Tag Archives: heat transfer

Mythbusting: Cooling a Drink with a Wet Paper Towel

While reading one of the many pages claiming to have "15 Amazing Life Hacks" or something similar, I found a claim about quickly cooling a drink that deserved some investigation.  The post claimed that to quickly cool your favorite drink you should wrap the bottle/can in a wet paper towel and put it in the freezer.  Supposedly this would quickly cool the drink, faster than just the freezer.  My guess is that the thought process says evaporative cooling is the culprit.  This is why we sweat, evaporating water does indeed cool the surface.  Would water evaporate into the cold, but dry freezer air? Below we'll look at a couple of experiments and decide if this idea works!
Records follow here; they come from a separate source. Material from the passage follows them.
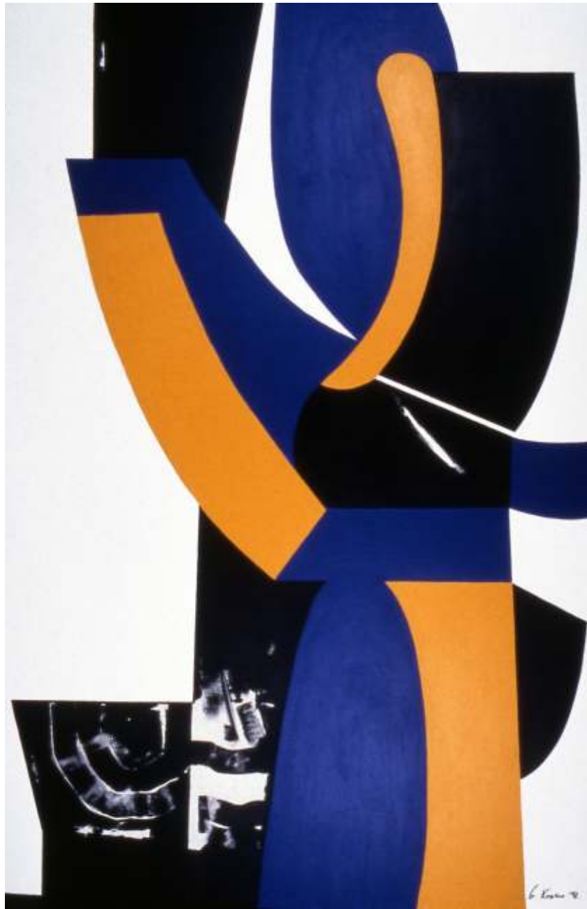
Blue Yellow Black #2 - 72 x 48 inches - acrylic on canvas - 1992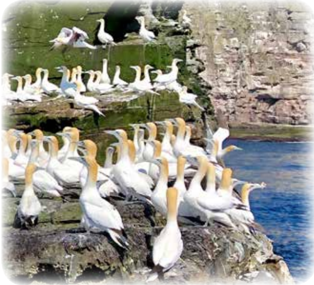
You'll see many 1,000s of gannets. They have elegant eyes and almost Art Deco features.

Our 3-hour Seabirds and Seals boat tour takes us around Bressay Island, adjacent to Lerwick, and home to vast populations of Gannets, Guillemots, Kittiwakes, Terns, Great Skuas, Cormorants, and Gulls. If the weather allows, we may be able to slowly back into a cave which has the most extraordinary colors and is filled with kittiwakes singing their name over and over again. The geology of Bressay Island is fascinating and our friends and guides can answer most of our questions.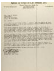
Correspondence from Iglesia de la Cristo en Las Antillas (RiPe_b19_f04_0002)

We will attack this problem with two approaches.  First I'll use two identical pint glasses filled with water and some temperature sensors, then we'll actually put glass bottles in and measure just the end result.  While the myth concerns bottles, I want to be able to monitor the temperature during the cooling cycle without opening the bottles.  For that we'll use the pint glasses.  

First I had to build the temperature sensors.  The sensors are thermistors from DigiKey since they are cheap and relatively accurate as well.  To make them fluid safe, I attached some three-lead wire and encapsulated the connections with hot-glue.  The entire assembly was then sealed up with heat-shrink tubing.  I modified code from an Adafruit tutorial on thermistors and calibrated the setup.  

To make sure that both sensors had a similar response time, we need to do a simple control test.  I placed both probes in a mug of hot water right beside each other.  We would expect to see the same cooling at points so close together, so any offset between the two should be constant.  We also expect the cooling to follow a logarithmic pattern.  This is because the rate of heat transfer is proportion to the temperature difference between the water and the environment (totally ignoring the mug and any radiative/convective transfer).  So when the water is much hotter than the air, it will cool quickly, but when it's only slightly hotter than the air it will take much longer to cool the same amount.  

Mug Cooling Photo

Plotting the data, we see exactly the expected result.  Both sensors quickly rise to the water temperature, then the water cools over a couple of hours.  The noisy segments of data about 0.25 hrs, 0.75 hrs, and 1.75 hrs in are likely interference from the building air conditioning system.  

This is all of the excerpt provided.